How much percentage each feature contributed to predicting loan approval status on data provided also can be known. This result is generated by model itself.
Case – Loan Repayment Status (Fully Paid Vs Charged Off)
Once the loan approved, it is important to follow up the loan for the future as sometimes the borrower failed to repay the loan amount and interest deliberately or reasonably. In both the situation lender face loss of funds. So in part of lender, machine learning automate system provide a solution by predicted loan repayment status i.e. whether the loan will be fully paid or not (charged off) by studying past behavior and previous customer records. Machine learning models identify those loans which have more probability to end up being charged off. Given can be the details required for prediction:
- Annual Income of borrower
- Tax Liens
- Current loan amount
- Maximum open credit
- Current credit balance
- Interest rate
- Debt to income ratio
- Month since last delinquent
- Number of credit problems, other details can be entertained by the lender
After performing machine learning algorithms, Gradient Booster Classifier outperforms the best among all models with 93.49% accuracy. The validation result on 10146 cases is as follows. The model performs really well as it succeeds in reducing False Positive cases as they are more loss prone.
Based on the feature provided by bank given is feature importance percentage for prediction:
Note: All the results have shown above are completely based on data, may change accordingly with the data provided.
- With the continuous increase in the number of loan defaulters, results in a huge financial loss to the bank.
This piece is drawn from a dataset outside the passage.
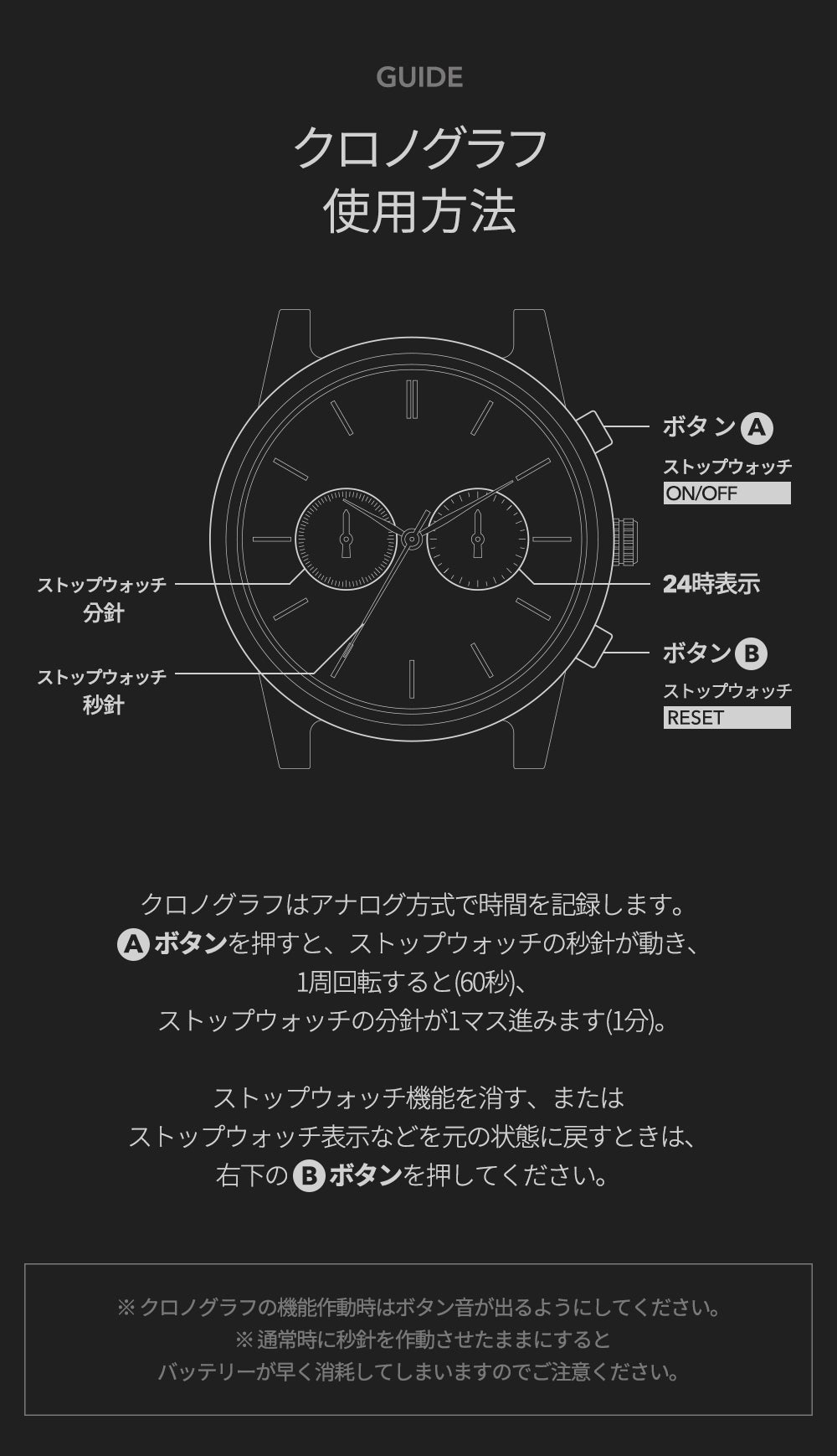 クロノグラフ機能とは、アナログ方式でストップウォッチ機能を利用できる装置です。ページの製品仕様の画像の下の方にクロノグラフ機能仕様方法について説明してありますのでお読みください。

If there is a way to efficiently classify loaners’ status in advance, it would be boon to lending business.
- In the machine learning system proper procedures have taken for reliable results. Proper data cleaning and exploratory analysis done, efforts are made to achieve maximum accuracy and explanatory results. Also, each outcome has its own score of probability.
- All algorithms assume that the future is the reflection of the past. This model acts as an important suggestion and early warning tool for default activities.